BEGIN Dataset section
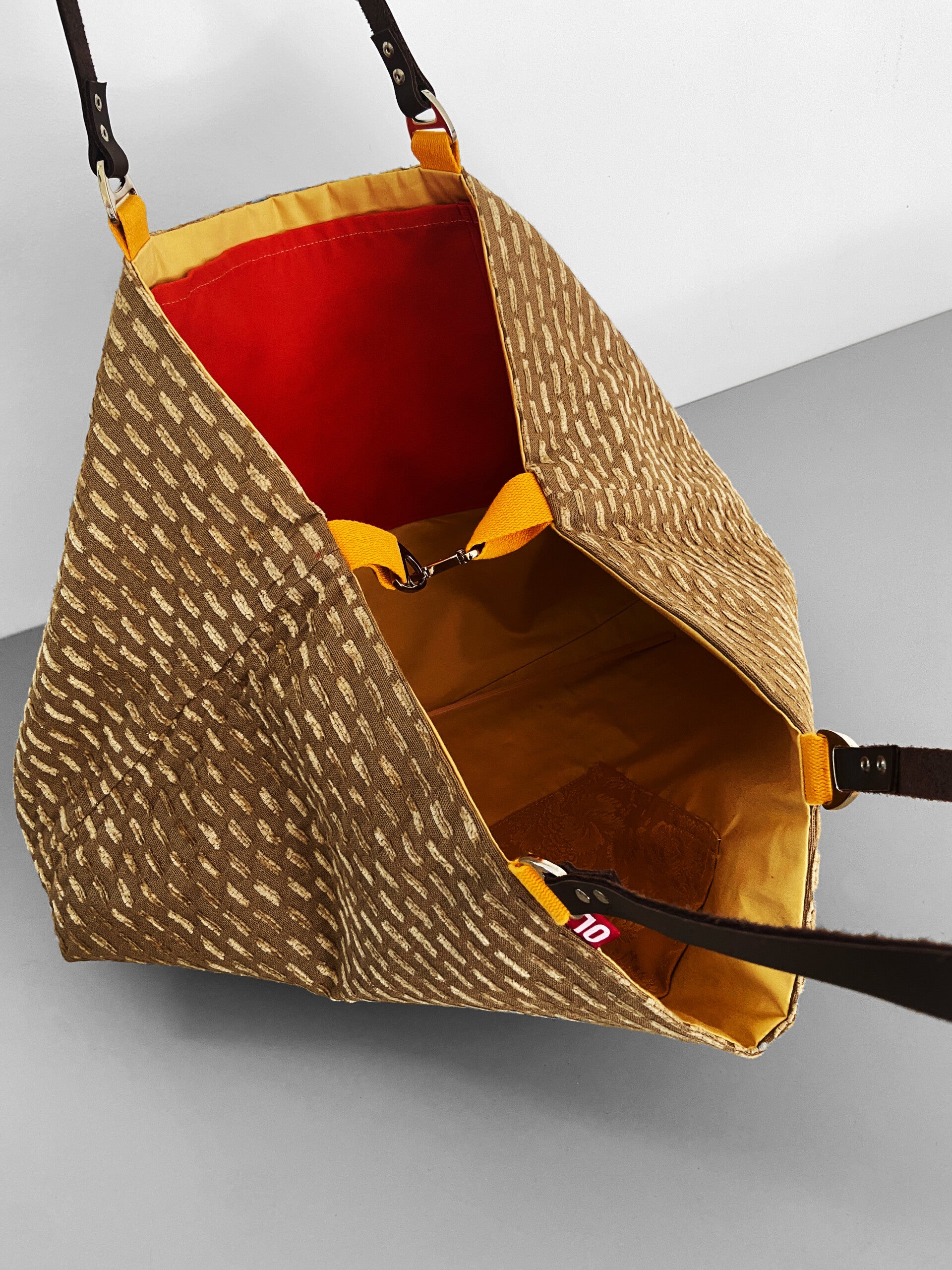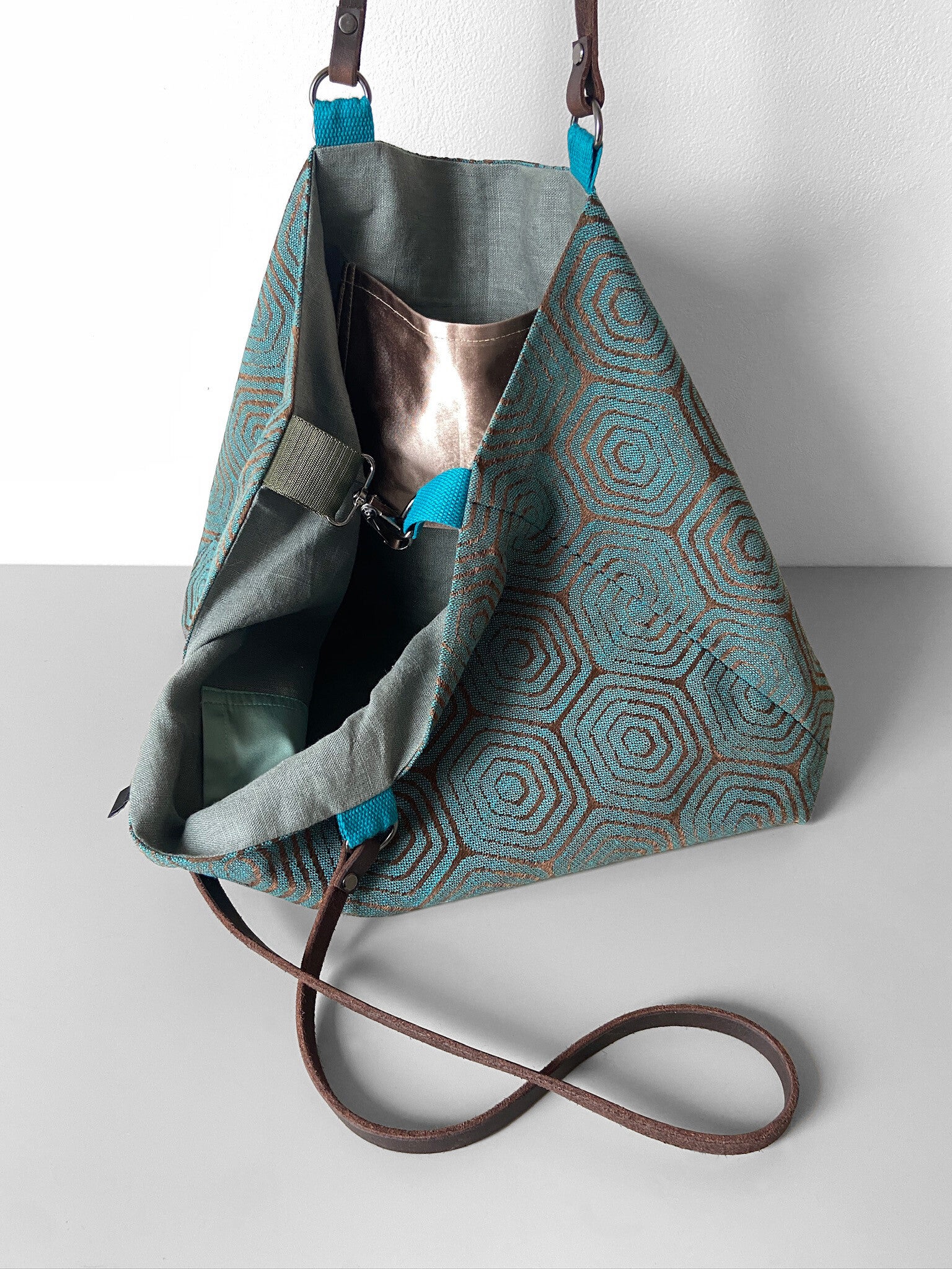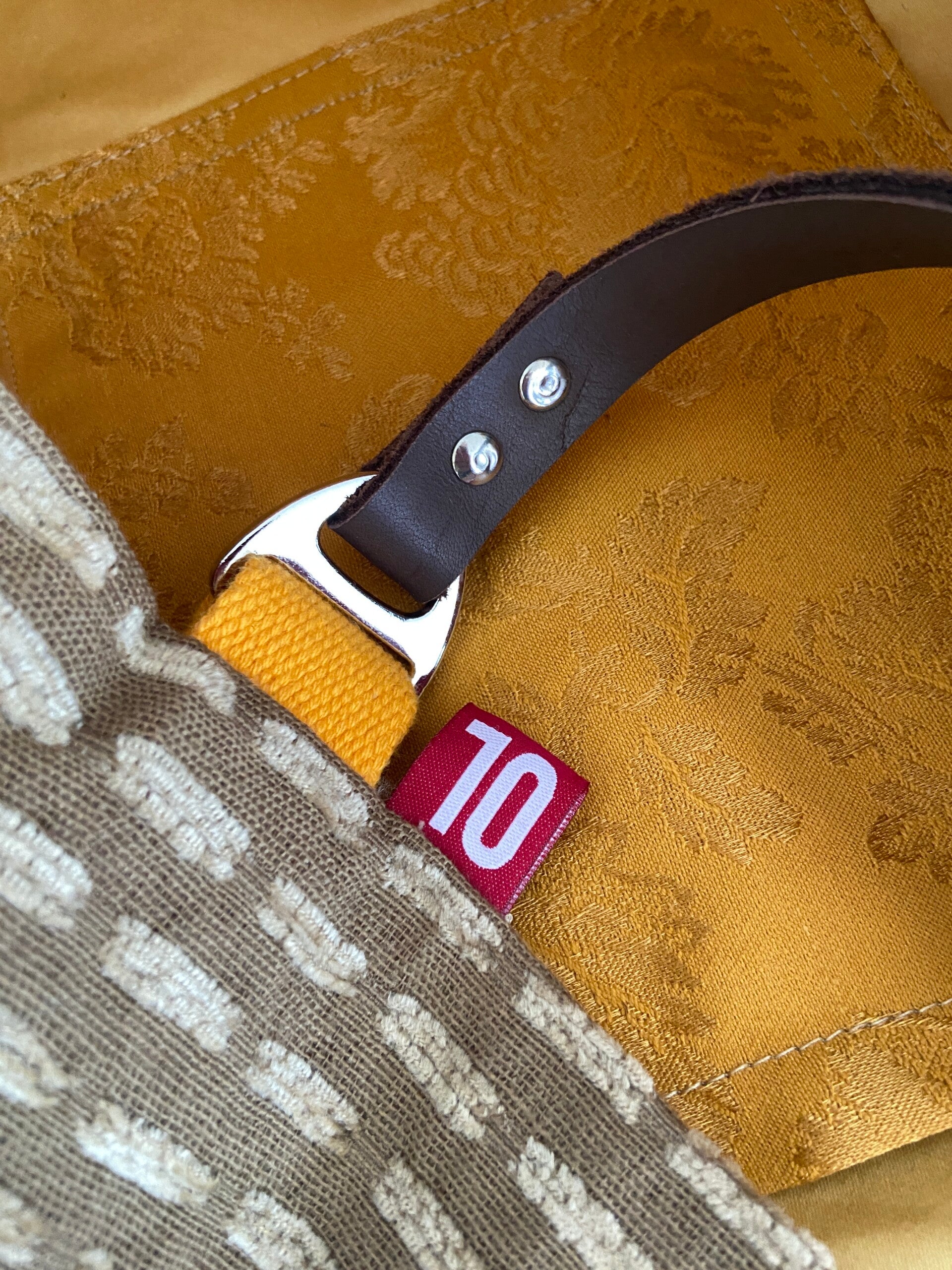 Kombinované materiály, vnitřní kapsy, kožený popruh. Čalounický samet, satén, len.
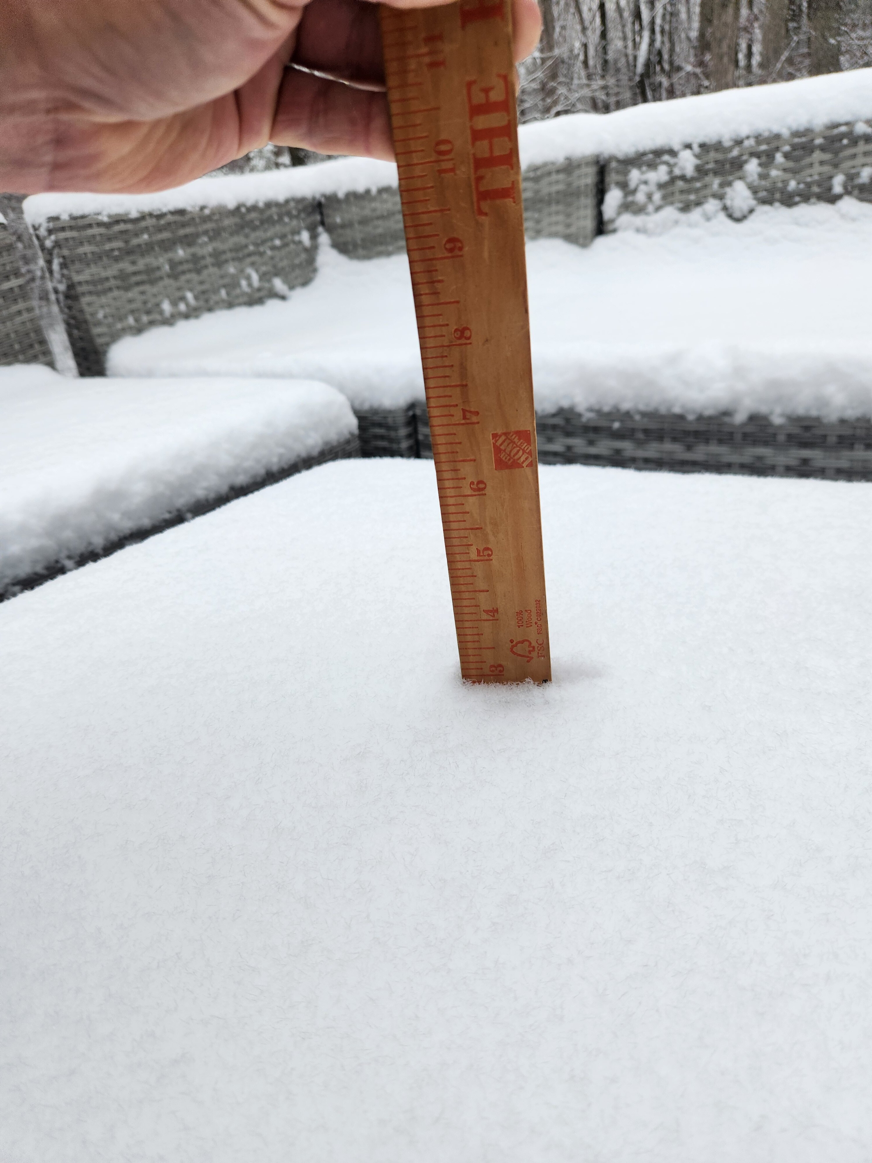 0.8”, +0.3” in 18 minutes. Probably around 1” per hour right now.
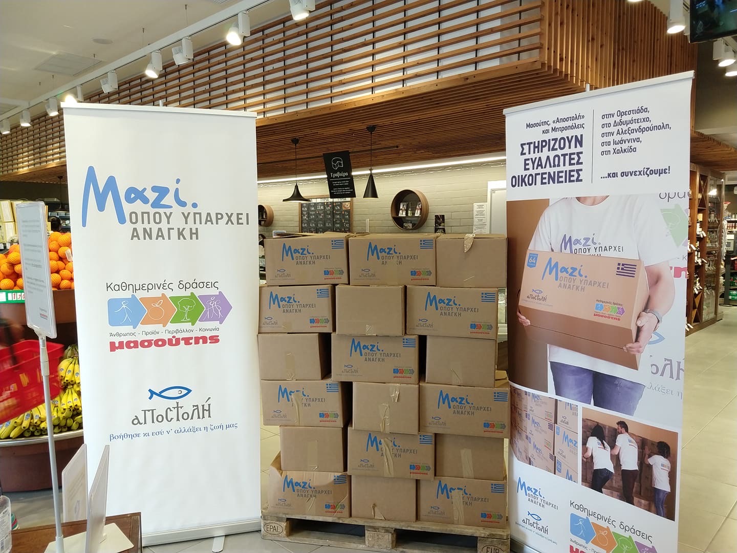 Μέσα σε αυτήν την δύσκολη περίοδο που διανύουμε λόγω της πανδημίας, τις άγιες αυτές μέρες του Πάσχα, η «ΑΠΟΣΤΟΛΗ» και ο «Μασούτης» ενώνουν πάλι τις δυνάμεις τους για να βρεθούνε “Μαζί, όπου υπάρχει ανάγκη”. Στο πλαίσιο του προγράμματος συνεργασίας «Μαζί, όπου υπάρχει ανάγκη», που πραγματοποιούν για τέταρτη συνεχή χρονιά, η «ΑΠΟΣΤΟΛΗ» και ο Μασούτης μοίρασαν 1.040 «δέματα αγάπης» σε οικογένειες που αντιμετωπίζουν οικονομικές δυσκολίες στις ακριτικές περιοχές της Θράκης καθώς και στην Αθήνα. Συγκεκριμένα, οι διανομές πραγματοποιήθηκαν στις εξής πόλεις: Ορεστιάδα, Διδυμότειχο, Ξάνθη, Κομοτηνή, Αλεξανδρούπολη, Ιωάννινα και Αθήνα.
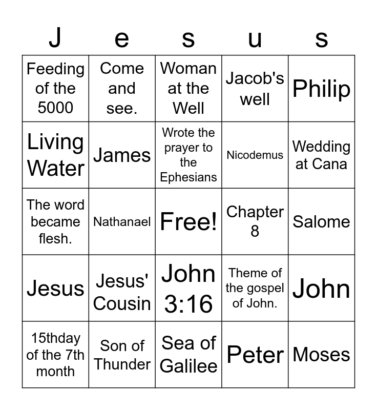 This bingo card has a free space and 24 words: Jesus' Cousin, Son of Thunder, Wrote the prayer to the Ephesians, 15thday of the 7th month, Philip, Feeding of the 5000, Living Water, Come and see., Chapter 8, John 3:16, Nicodemus, The word became flesh., Theme of the gospel of John., John, James, Peter, Salome, Woman at the Well, Wedding at Cana, Nathanael, Moses, Jesus, Jacob's well and Sea of Galilee.
END Dataset section
None of the pictures belong in the copy; transcribe the rest of the data exactly.

**Answer for the task:**
 Kombinované materiály, vnitřní kapsy, kožený popruh. Čalounický samet, satén, len.
 0.8”, +0.3” in 18 minutes. Probably around 1” per hour right now.
 Μέσα σε αυτήν την δύσκολη περίοδο που διανύουμε λόγω της πανδημίας, τις άγιες αυτές μέρες του Πάσχα, η «ΑΠΟΣΤΟΛΗ» και ο «Μασούτης» ενώνουν πάλι τις δυνάμεις τους για να βρεθούνε “Μαζί, όπου υπάρχει ανάγκη”. Στο πλαίσιο του προγράμματος συνεργασίας «Μαζί, όπου υπάρχει ανάγκη», που πραγματοποιούν για τέταρτη συνεχή χρονιά, η «ΑΠΟΣΤΟΛΗ» και ο Μασούτης μοίρασαν 1.040 «δέματα αγάπης» σε οικογένειες που αντιμετωπίζουν οικονομικές δυσκολίες στις ακριτικές περιοχές της Θράκης καθώς και στην Αθήνα. Συγκεκριμένα, οι διανομές πραγματοποιήθηκαν στις εξής πόλεις: Ορεστιάδα, Διδυμότειχο, Ξάνθη, Κομοτηνή, Αλεξανδρούπολη, Ιωάννινα και Αθήνα.
 This bingo card has a free space and 24 words: Jesus' Cousin, Son of Thunder, Wrote the prayer to the Ephesians, 15thday of the 7th month, Philip, Feeding of the 5000, Living Water, Come and see., Chapter 8, John 3:16, Nicodemus, The word became flesh., Theme of the gospel of John., John, James, Peter, Salome, Woman at the Well, Wedding at Cana, Nathanael, Moses, Jesus, Jacob's well and Sea of Galilee.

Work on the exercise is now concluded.